Он воззрился на образ и дал мысленное обетование трижды взвешивать каждое слово, прежде чем произнести его вслух. Сесть он не соглашался до тех пор, пока раздражённый окрик не заставил его повиноваться. Свесив огромные лапы почти до самого пола, он до боли в висках стиснул зубы и только после этого, решив, что путь лишним словам основательно преграждён, немного успокоился.

– От Кочубея приехал? – уже строго спросил государь. – А почему один? Куда тот самый… отец Никанор подевался?

– Угу, – не разжимая губ, промычал челобитчик.

– Чего «угу»?

– Молится отец Никанор.

Царь кивнул Шафирову:

– Дай ему, Пётр Павлович, вина испить. Видишь, обалдел от русского духа сей у-кра-и-нец.

Перед Яценкой мгновенно появился налитый до краёв кубок. Сивуха забулькала в горле, разлилась по нутру жгучим, сладостным теплом.

– Теперь так, – усмехнулся Пётр. – Теперь вижу, что истинный казак предо мною… Налей ему ещё за батюшку моего Алексея Михайловича и за гетмана Богдана Хмельницкого, уберёгшего Украину от польской кабалы.

– Хай им обоим двум на том свете легонько икнётся, – поклонился казак и осушил второй кубок.

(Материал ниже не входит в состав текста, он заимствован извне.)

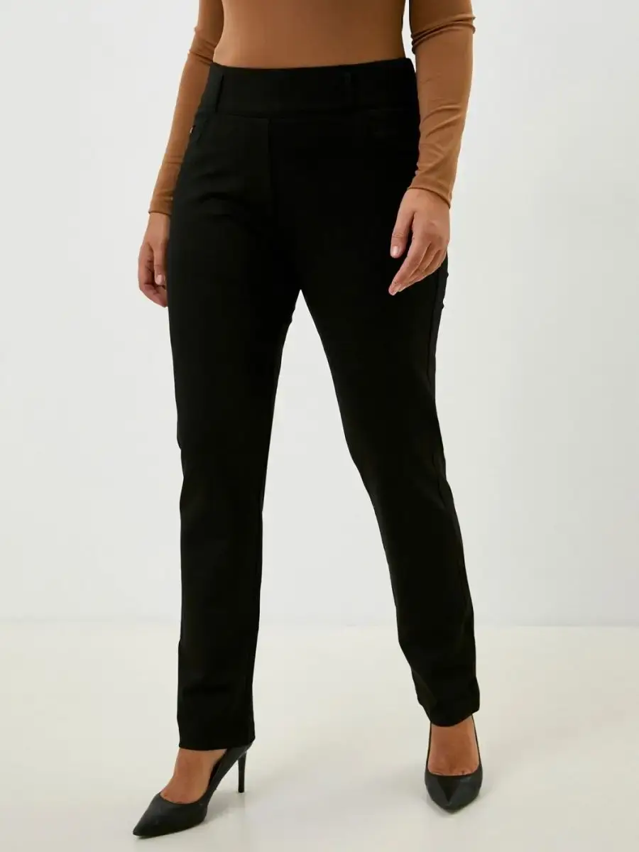 Брюки женские классические черные. Прямые трикотажные не зауженные на резинке,без карманов средней посадки отлично подходят на любой тип фигуры,скрывая все недостатки в любом возрасте. Отлично подойдут для девушек и женщин невысокого, среднего роста. Имея универсальный крой подойдут для работы в офисе, под костюм и для беременных женщин.Брюки легкие,качественные и отшиваются из плотной дышащей премиум ткани,за счет чего подходят на лето,весну,осень и зимние условия.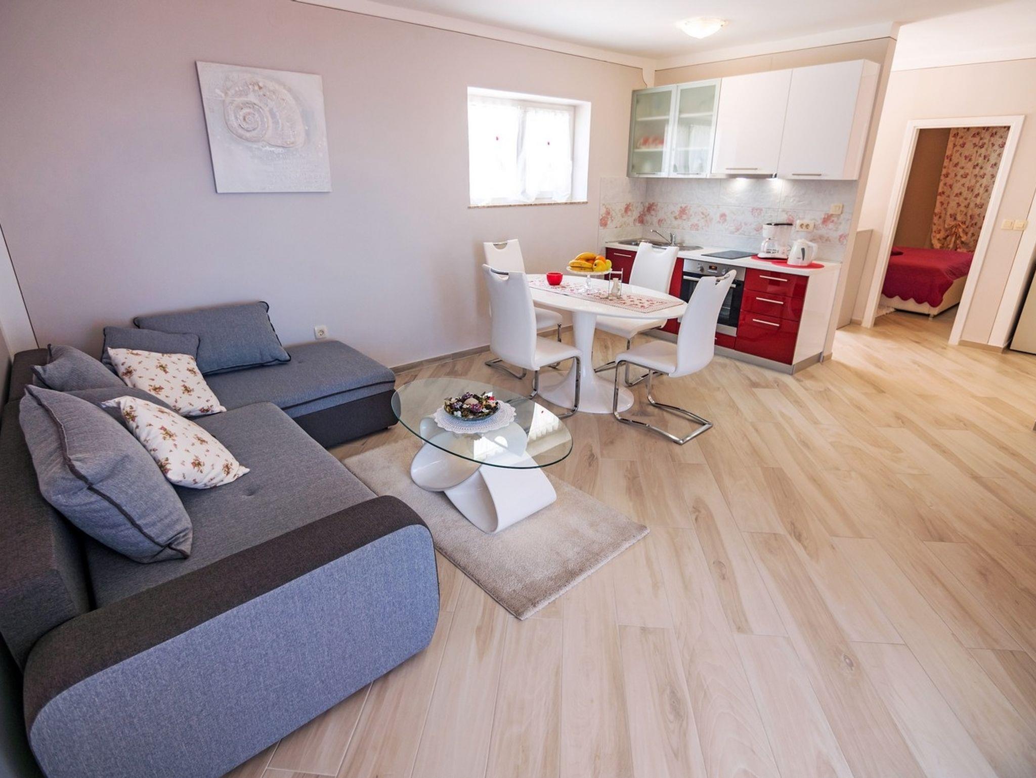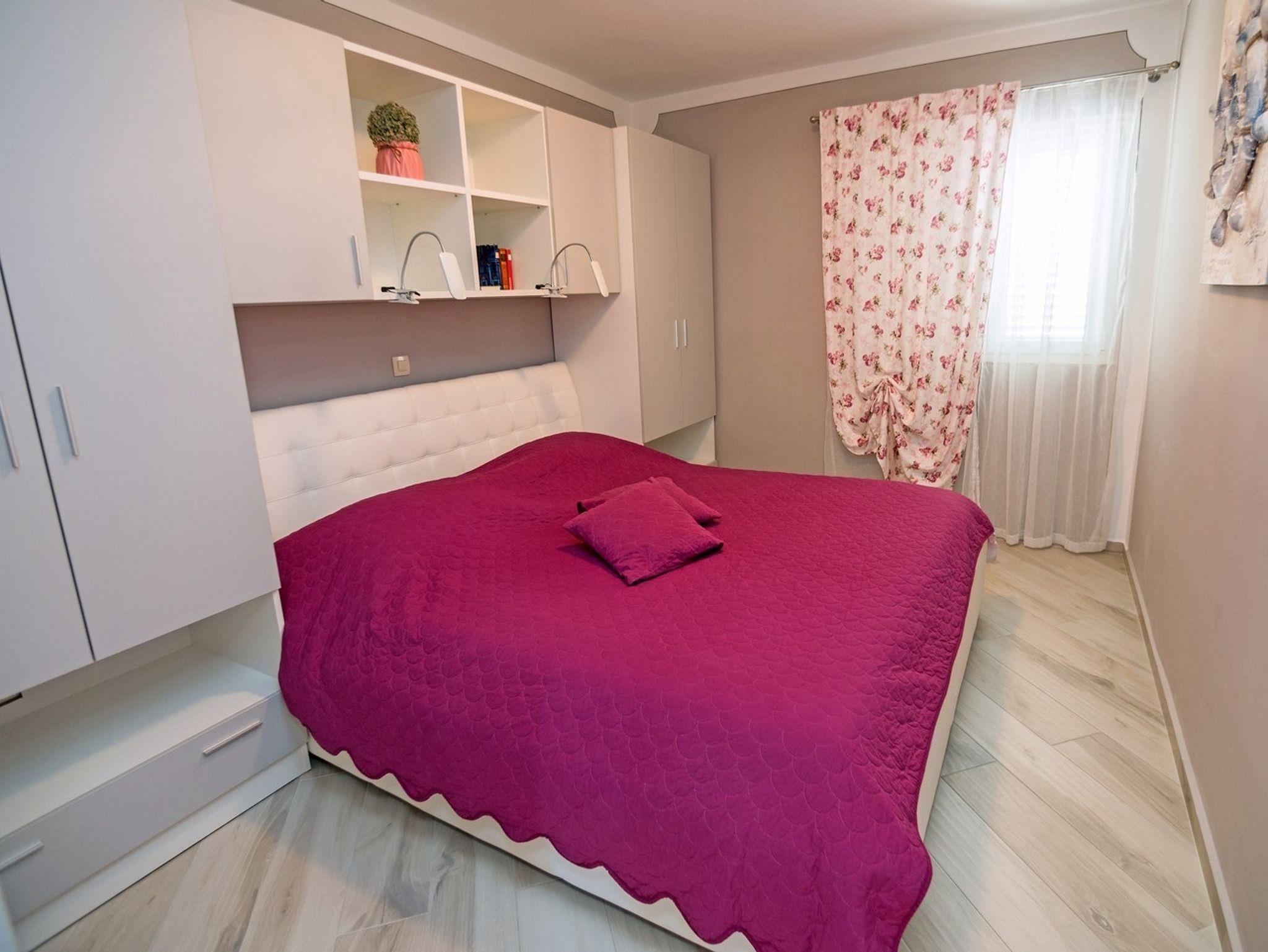 Ferienwohnung bietet Platz für 4 Gäste. Die Betten sind in Schlafzimmern, die es 1 gibt, und in Wohnzimmer, innerhalb einer Gesamtfläche von 52m2, angeordnet. Die Gäste haben einen eigenen Balkon zur Verfügung, auf der sie in warmen Sommernächten genießen können. Das Apartment bietet Meerblick. Es ist erlaubt, Speisen auf dem Gemeinschafts-Grill vorzubereiten. Während ihres Aufenthalts können Gäste das gemeinsam zur Nutzung stehende Schwimmbad benutzen. IM PREIS INBEGRIFFEN: Kurtaxe, Endreinigung, Klimatisierung, Pool, Parkplatz, Internet, Kinderbett, Bügeleisen, Föhn, Sonnenschirm, Liegestühle. VERBINDLICHE ZUSÄTZLICHE KOSTEN: Aufzahlung für Kurzaufenthalte (prozentualer Zuschlag pro Nächtigungsanzahl: 30% - 1, 20% - 2, 10% - 3). UNVERBINDLICHE ZUSÄTZLICHE KOSTEN: Frühstück (13,00 €, 50% Nachlass für Kinder zwischen 4 und 12 Jahren, Kinder bis 4 Jahre sind frei.), Bootsanlegeplatz (5,00 € pro Nacht), Zusatzbett (10,00 € pro Nacht). Die Verfügbarkeit zusätzlicher Dienstleistungen in Ihrem reservierten Termin und die Preise derselben (falls nicht aufgeführt) müssen im Voraus überprüft werden. Zusätzliche Dienstleistungen die in der Zahlungsaufforderung nicht aufgeführt sind werden direkt beim Vermieter bezahlt, angenommen der Gast nutzt auch diese.

Ему стало совсем вольготно. Полузакрыв глаза, не дожидаясь уже вопросов, он медленно, точно напевая знакомую песенку, принялся выкладывать все вины Мазепы:

– …И рады тайные собирает тот гетман. И жалуется на многие утеснения. Ему и царь Алексей Михайлович сучий сын…

– Ну, ты!.. – прицыкнул Шафиров.

Но Пётр остановил его строгим жестом: «Не мешай, дескать, пускай всё выбалтывает».

– И Пётр Алексеевич ему, – продолжал казак, – быдло. Сковтнули, балакает гетьман, москальские цари, трясьця их матери, Украину нашу. Не Украина стала, а боярская вотчина…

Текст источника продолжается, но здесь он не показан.